由于物体和子图特征涉及不同的语义层次(物体关注细节,子图侧重交互关系),在二者间传递消息能通过互补信息学习更好的表征。为此,我们设计了空间加权消息传递(SMP)结构,用于在物体特征向量$\mathbf{o_{i}}$和子图特征图$\mathbf{S_{k}}$之间传递消息(图3左侧)。物体到子图与子图到物体的消息传递是两个并行过程。
Pass Message From Subgraphs to Objects This process is to pass several 2-D feature maps to feature vectors. Since objects only require the general information about the subgraph regions instead of their spatial information, 2-D average pooling is directly adopted to pool the 2-D feature maps $\mathbf{S_{k}}$ into feature vectors $\mathbf{s_{k}}$ . Because each object is connected to various number of subgraphs, we need first aggregate the subgraph features and then pass them to the target object nodes. Attention [59] across the subgraphs is employed to keep the scale aggregated features invariant to the number of input subgraphs and determine the importance of different subgraphs to the object:
将子图信息传递至对象
此过程旨在将多个二维特征图转化为特征向量。由于对象仅需获取子图区域的整体信息而无需其空间位置信息,我们直接采用二维平均池化 (average pooling) 将二维特征图 $\mathbf{S_{k}}$ 池化为特征向量 $\mathbf{s_{k}}$。鉴于每个对象可能连接不同数量的子图,需先聚合子图特征再传递至目标对象节点。
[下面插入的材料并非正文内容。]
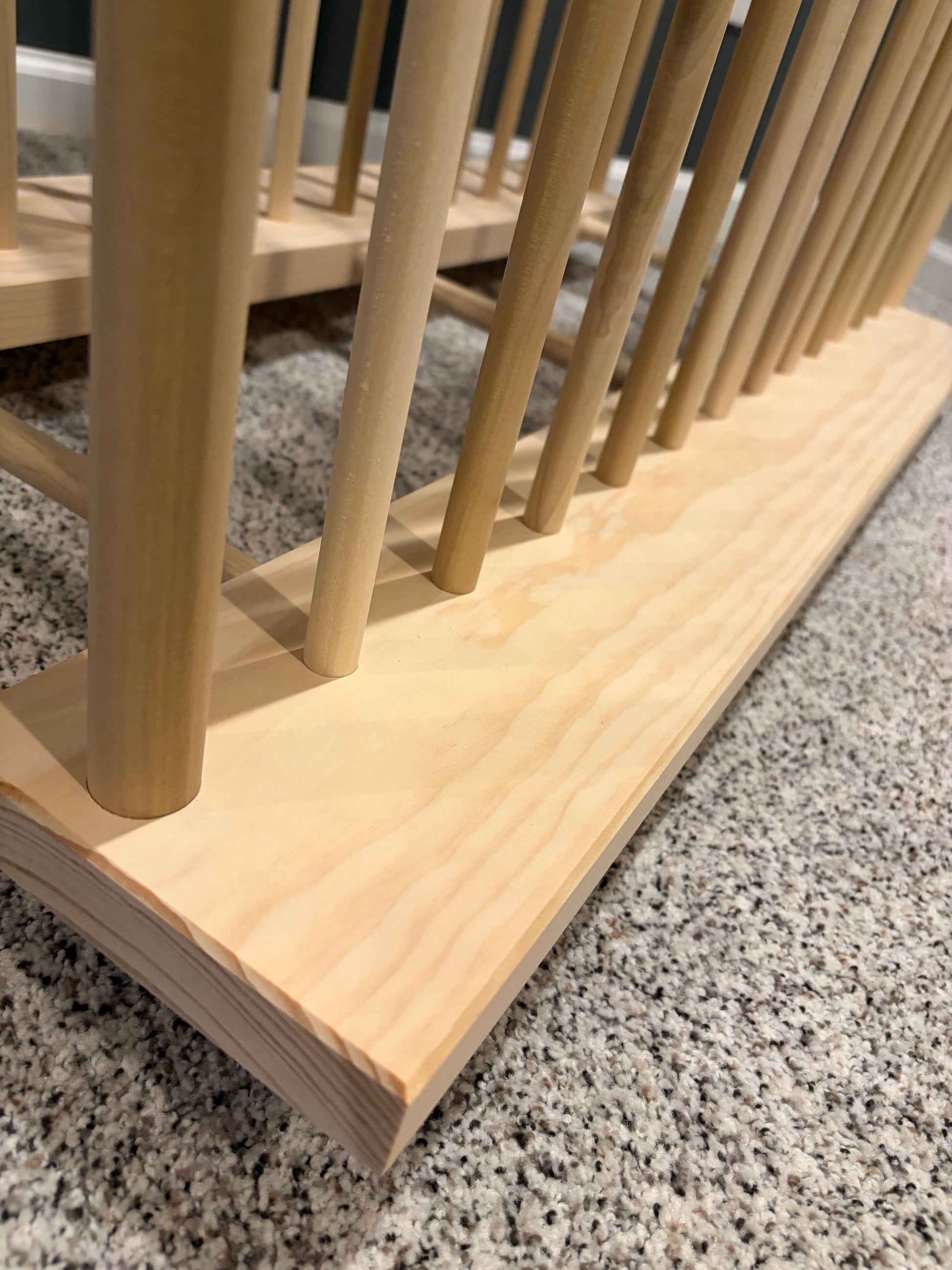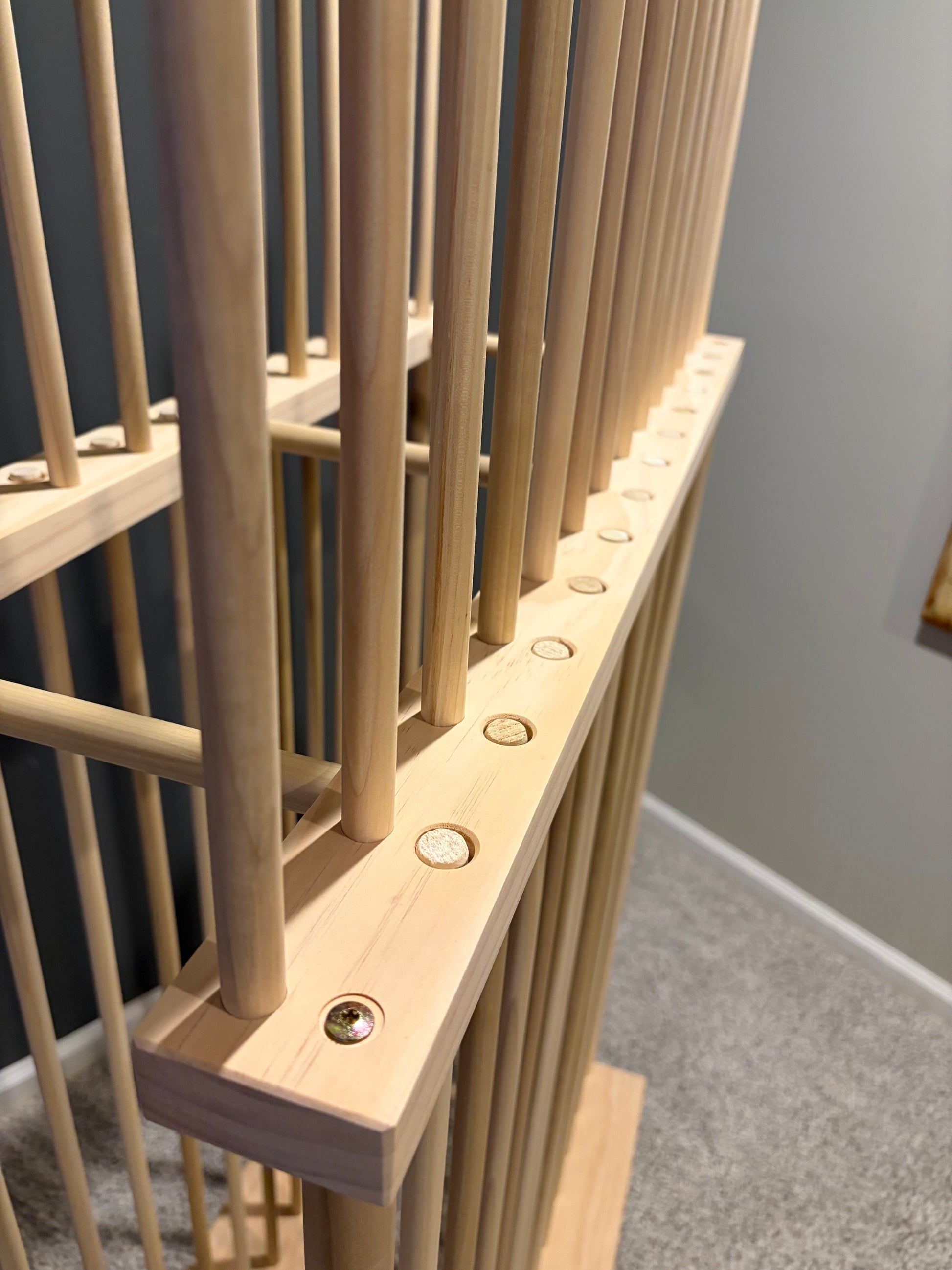 - Made with thicker 5/8” dowels which run full length on bottom section and are recessed into underside of upper tier.

通过子图间的注意力机制 [59] ,既保持聚合特征的规模不受输入子图数量影响,又能判定不同子图对对象的重要性:
$$
\tilde{\mathbf{s}}{i}=\sum_{\mathbf{s}{\mathbf{k}}\in\mathbb{S}{i}}p_{i}(\mathbf{S}{k})\boldsymbol{\cdot}\mathbf{s}_{k}
$$
$$
\tilde{\mathbf{s}}{i}=\sum_{\mathbf{s}{\mathbf{k}}\in\mathbb{S}{i}}p_{i}(\mathbf{S}{k})\boldsymbol{\cdot}\mathbf{s}_{k}
$$
where $\mathbb{S}{i}$ denotes the set of subgraphs connected to object $i$ . $\tilde{\mathbf{s}}{i}$ denotes aggregated subgraph features passed to object $i$ . $\mathbf{s}{k}$ denotes the feature vector average-pooled from the 2-D feature map $\mathbf{S}{k}$ . $p_{i}(\mathbf{S}{k})$ denotes the probability that $\mathbf{s}_{k}$ is passed to the target $i$ -th object (attention vector in Fig. 3):
其中 $\mathbb{S}{i}$ 表示连接到对象 $i$ 的子图集合,$\tilde{\mathbf{s}}{i}$ 表示传递给对象 $i$ 的聚合子图特征,$\mathbf{s}{k}$ 表示从二维特征图 $\mathbf{S}{k}$ 平均池化得到的特征向量,$p_{i}(\mathbf{S}{k})$ 表示 $\mathbf{s}_{k}$ 传递给目标第 $i$ 个对象的概率 (图3中的注意力向量):
$$
p_{i}(\mathbf{S}{k})=\frac{\exp\Big(\mathbf{o}{i}\cdot\mathrm{FC}^{(a t t_{-s})}\left(\mathrm{ReLU}\left(\mathbf{s}{k}\right)\right)\Big)}{\sum_{\mathbf{S_{k}}\in\mathbb{C}{i}}\exp\left(\mathbf{o}{i}\cdot\mathrm{FC}^{(a t t_{-s})}\left(\mathrm{ReLU}\left(\mathbf{s}_{k}\right)\right)\right)}
$$
$$
p_{i}(\mathbf{S}{k})=\frac{\exp\Big(\mathbf{o}{i}\cdot\mathrm{FC}^{(a t t_{-s})}\left(\mathrm{ReLU}\left(\mathbf{s}{k}\right)\right)\Big)}{\sum_{\mathbf{S_{k}}\in\mathbb{C}{i}}\exp\left(\mathbf{o}{i}\cdot\mathrm{FC}^{(a t t_{-s})}\left(\mathrm{ReLU}\left(\mathbf{s}_{k}\right)\right)\right)}
$$
where $\mathrm{FC}^{(a t t_{-}s)}$ transforms the feature $\mathbf{s}{k}$ to the target domain of $\mathbf{o}_{i}$ . ReLU denotes the Rectified Linear Unit layer [40].
其中 $\mathrm{FC}^{(a t t_{-}s)}$ 将特征 $\mathbf{s}{k}$ 转换到 $\mathbf{o}_{i}$ 的目标域。ReLU表示修正线性单元层 [40]。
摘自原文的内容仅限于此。